──────── Exercise data ────────

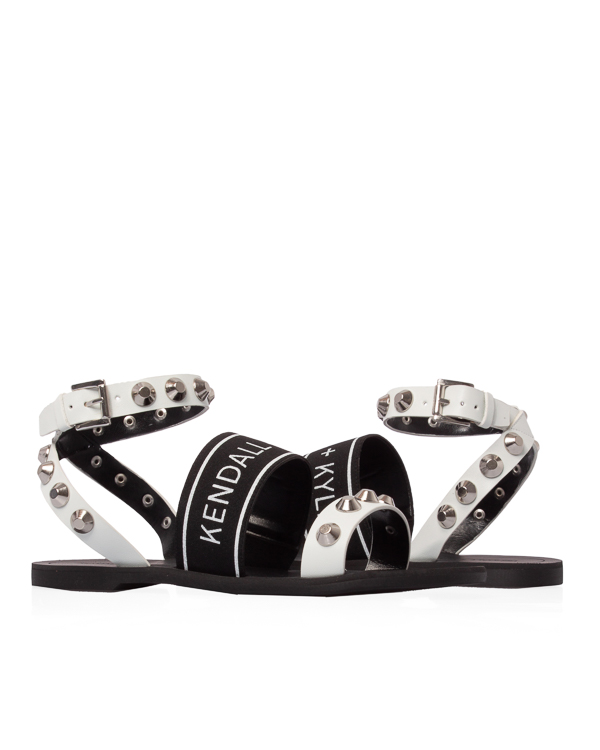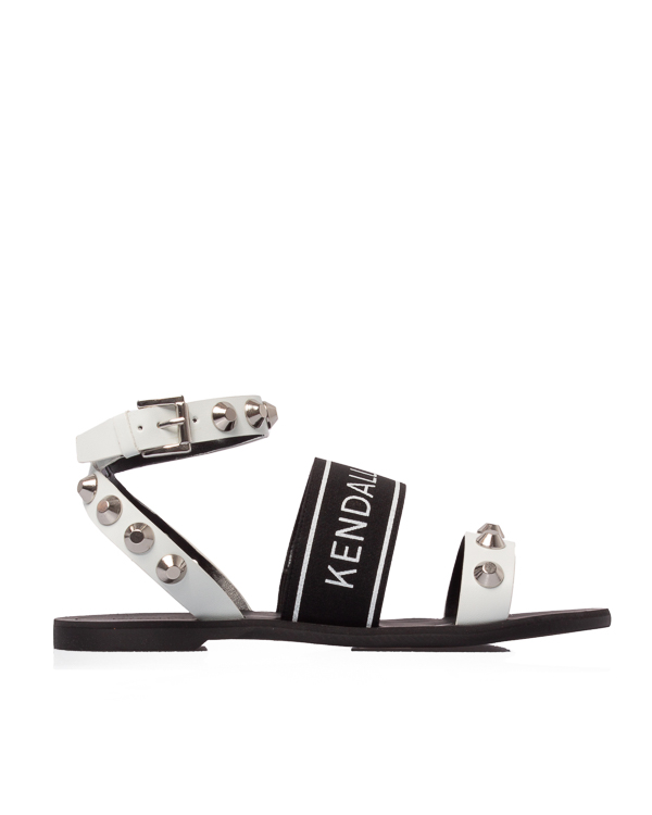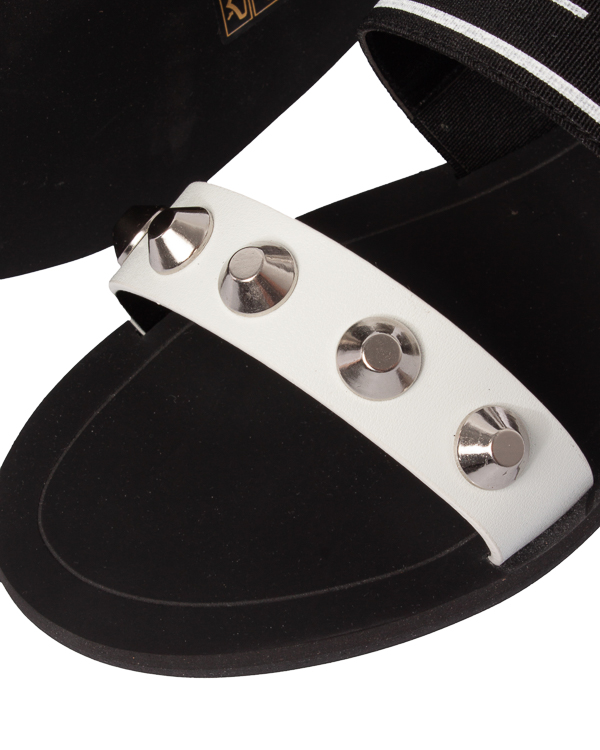 Сандалии на плоской подошве, с кожаными ремешками и отделкой металлическими шипами. Пара дополнена перемычкой с брендированным логотипом.
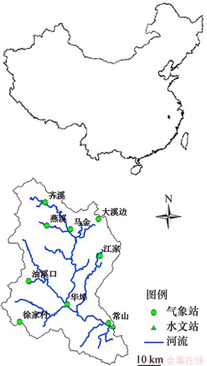 常山港流域位于钱塘江流域上游地区,流域面积为2 381 km2,如图1所示。流域属亚热带季风气候区,气候温暖湿润,流域内水汽充足,雨量丰沛。流域地形特征为山地多平原少,地势西高东低,流域内水系发达,大小支流60多条,降水量和径流量年内分配不均,主要集中在4~9月份。流域内洪水汇流速度快,历时短,洪水年际变化大,沿岸洪涝较为频繁,严重制约了本区社会经济的可持续发展。
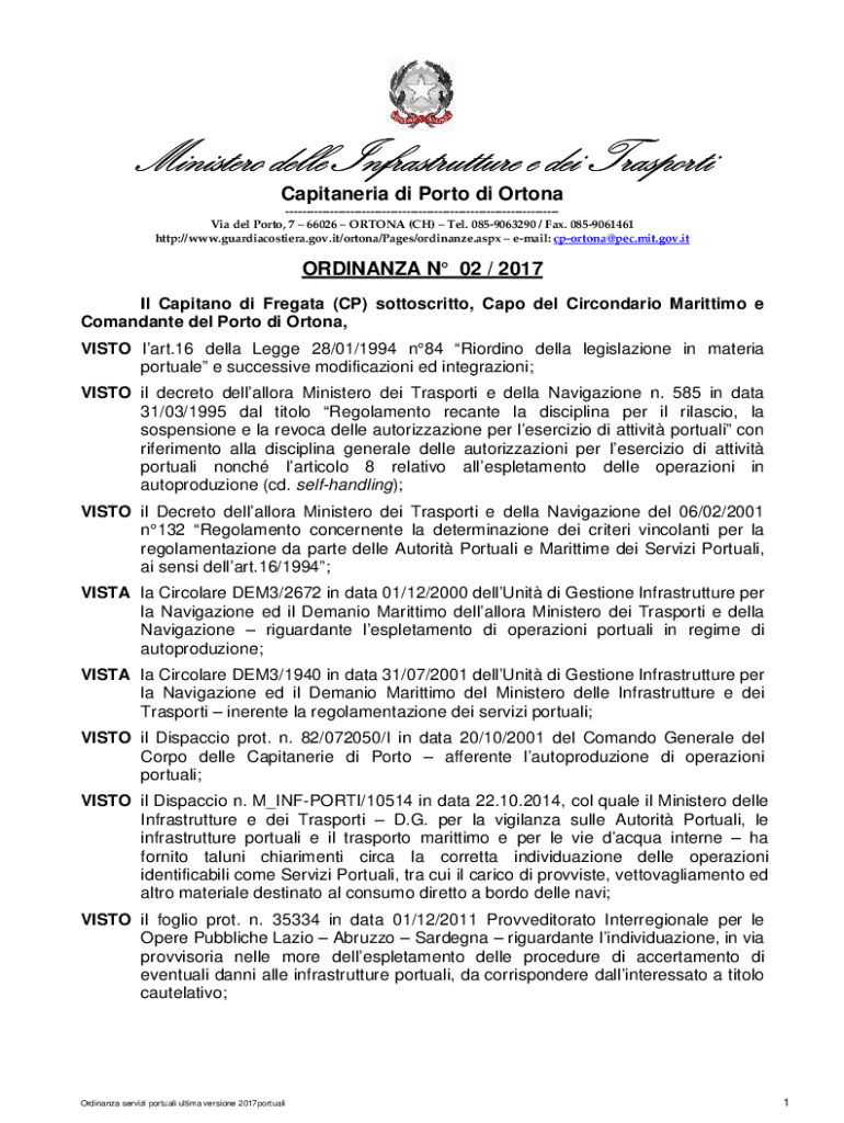Ministero delle Infrastrutture e dei Trasporti Capitaneria di Porto di Ortona Via del Porto, 7 66026 ORTONA (CH) Tel. 0859063290 / Fax. 0859061461 http://www.guardiacostiera.gov.it/ortona/Pages/ordinanze.aspx
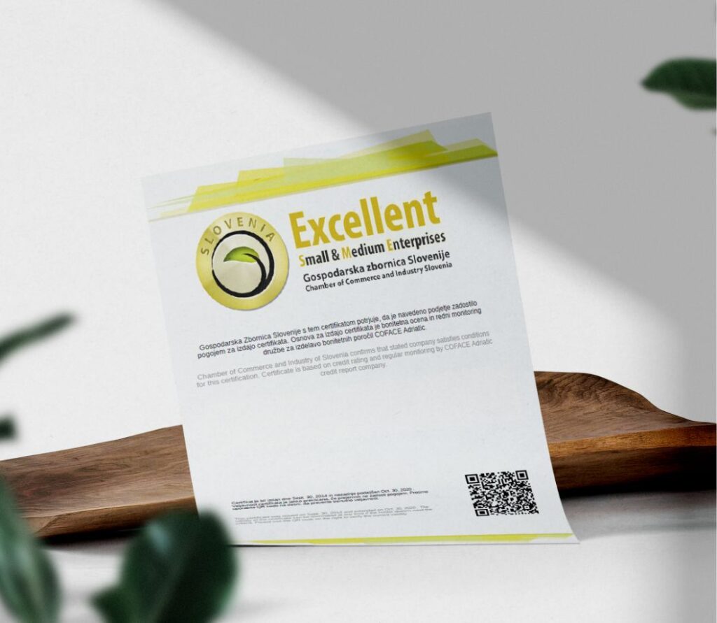 Podjetje je tudi prejemnik več priznanj / Certifikat bonitetne odličnosti AAA, Certifikat poslovne odličnosti Excellent SME Slovenia /, ki so potrditev kakovostnega dela podjetja.
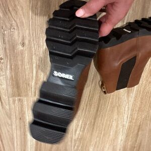 Sorel Women's Joan of Arctic Ankle Wedge III Chelsea boots in Brown Leather SZ 7
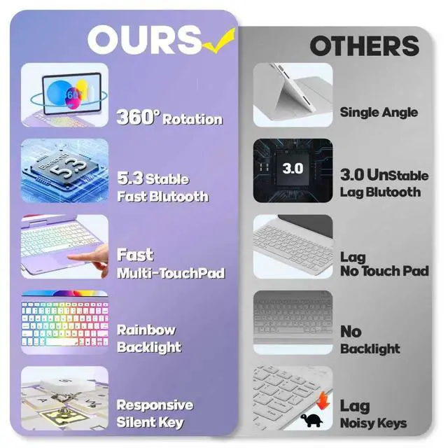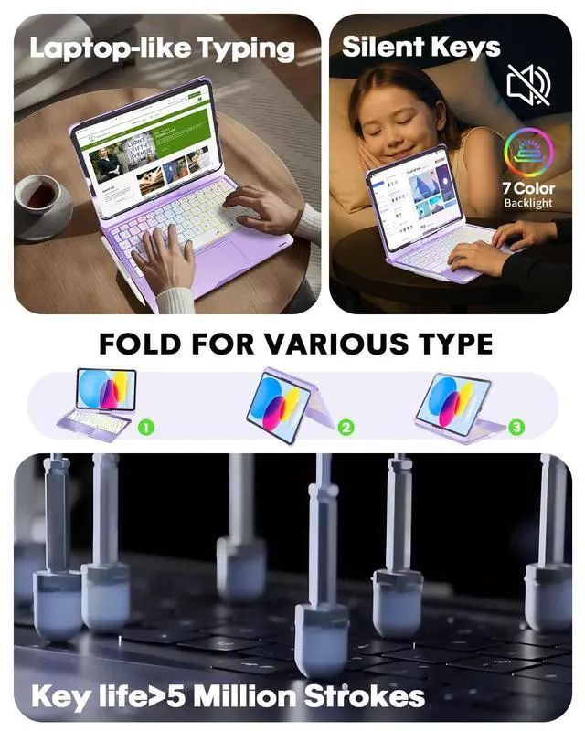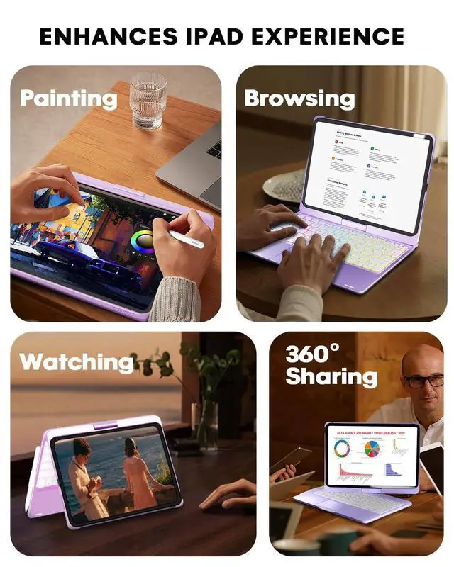 ^^ Responsive Typing & Function KeysiPad 10th generation case with keyboard experience laptop-like typing with responsive keys and a tactile feel. The dedicated function keys let you control brightness, volume, and media playback directly from the keyboard. Ideal for work, study, or entertainment. iPad 10th generation keyboard casePerfect for students, professionals, and creatives who need a seamless typing experience. ^^ Rainbow Backlits&Long BatteryiPad Air 11 inch keyboard with backlits ensures you dont have any trouble while typing in low-lit environment. iPad Air 11 inch keyboard keyboard lights up with different colors and can be turned up brighter or dimmer as needed.

────────

### Task details
The answer must be an exact transcription of the lines from the one holding "Ministero delle Infrastrutture" to the last line of the entries above, with no pictures and nothing else.

### Solution below
Ministero delle Infrastrutture e dei Trasporti Capitaneria di Porto di Ortona Via del Porto, 7 66026 ORTONA (CH) Tel. 0859063290 / Fax. 0859061461 http://www.guardiacostiera.gov.it/ortona/Pages/ordinanze.aspx
 Podjetje je tudi prejemnik več priznanj / Certifikat bonitetne odličnosti AAA, Certifikat poslovne odličnosti Excellent SME Slovenia /, ki so potrditev kakovostnega dela podjetja.
 Sorel Women's Joan of Arctic Ankle Wedge III Chelsea boots in Brown Leather SZ 7
 ^^ Responsive Typing & Function KeysiPad 10th generation case with keyboard experience laptop-like typing with responsive keys and a tactile feel. The dedicated function keys let you control brightness, volume, and media playback directly from the keyboard. Ideal for work, study, or entertainment. iPad 10th generation keyboard casePerfect for students, professionals, and creatives who need a seamless typing experience. ^^ Rainbow Backlits&Long BatteryiPad Air 11 inch keyboard with backlits ensures you dont have any trouble while typing in low-lit environment. iPad Air 11 inch keyboard keyboard lights up with different colors and can be turned up brighter or dimmer as needed.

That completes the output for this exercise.